Report allegedly hidden
Last month, the inmates' attorneys charged that corrections officials hid a key report on "basic life-saving measures" meant to prevent prisoner suicides.
The report was written by the corrections department's own suicide expert, who was hired as a consultant to compile a detailed assessment with recommendations on how suicide rates could be lowered.
Instead, when the report was delivered in August 2011 it was "buried" without any of its recommendations being put in place, according to internal department emails.
That report by Lindsay Hayes, project director for the National Center on Institutions and Alternatives, recommended, among other actions, that prisons strengthen tracking of inmates who attempt suicide and halt the use of "harsh" observation tactics "such as inmates being stripped naked and deprived of showers and other privileges."
The inmates' lawyers produced emails between Hayes and corrections officials in which Hayes complains that his report fell on deaf ears and his consulting work for the department "stopped dead in the water."
Robert Canning, the corrections department's suicide prevention coordinator, conceded to Hayes that his work was not embraced.
"Obviously when your report landed it was not roundly applauded and in fact was buried," he wrote to Hayes in a June 2012 email included in court documents.
Despite the emails, corrections officials deny the claim.
"The report was not buried, and in fact we have implemented many of Mr. Hayes' recommendations," said Dr. Diana Toche, acting undersecretary for administration and offender services.
Hayes had complained that suicidal inmates typically were housed in cells without beds and recommended equipping cells with suicide-resistant beds. Toche said the department has since purchased 250 of those for $726,000.
Corrections officials also implemented other of Hayes' recommendations and are "committed to a robust suicide prevention program," she said.
"We take every death seriously, and are constantly trying to improve and better the care."
Mental health staffing
Brown, in his interview with The Bee, noted that mental health care for inmates now surpasses what is available to the general public.
"I just talked to personnel at one prison that has 32 psychologists, 10 psychiatrists and 24 psychiatric technicians for 3,600 patients," the governor said. "That kind of firepower is not available to anybody who is not in prison."

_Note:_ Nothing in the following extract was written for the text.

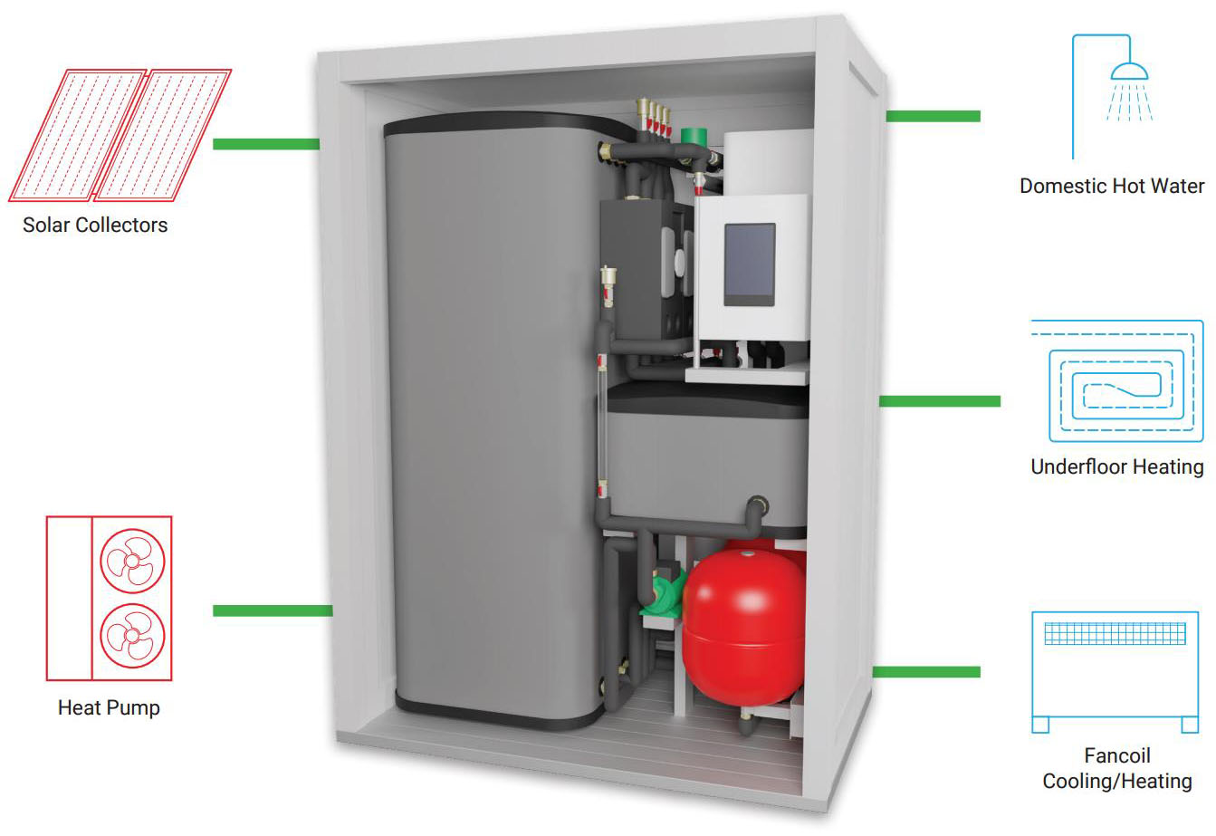 The Solarico Plug-in Hybrid Station is a compact and intelligent system that provides heating, cooling and hygienic hot water, combining renewable energy and advanced hydraulic integration in a single station solution.

The inmates' attorneys dispute that and say the state is stonewalling their efforts to prove the system is still broken.
Last month, the inmates' attorneys received copies of two letters signed by a group of psychiatrists who work at the Salinas Valley State Prison complaining they are averaging a caseload of about 40 patients daily, with some averaging up to 60 daily. The psychiatrists contend the standard caseload should be 15 and that "current staffing levels will create an unacceptable level of risk as far as patient safety."
The inmates' lawyers, over the strong objections of the state, took sworn testimony from one of the psychiatrists, who testified that the psychiatric staff at Salinas is "under constant pressure from above" to authorize early release of mentally ill inmates, said Bien, the inmates' attorney.
In addition, according to Bien, the psychiatrist testified that the facility is so understaffed due to layoffs that conventional treatment has given way to crisis management. One patient died late last year due to a lack of proper treatment, Bien said the psychiatrist testified.
The state Department of State Hospitals denies there is a crisis at the psychiatric hospital inside the Salinas prison, saying staffers there became concerned when three psychiatrists left for other jobs and several others were expected to leave.
"However, not all of the anticipated departures occurred, and the department has already put new psychiatrists in place at Salinas Valley and is continuing to recruit," the department said in a statement.
The acting director of the hospitals department also met with the staff there earlier this month to reassure them, the statement said, adding that "there is currently no anticipated staffing crisis at DSH-Salinas Valley."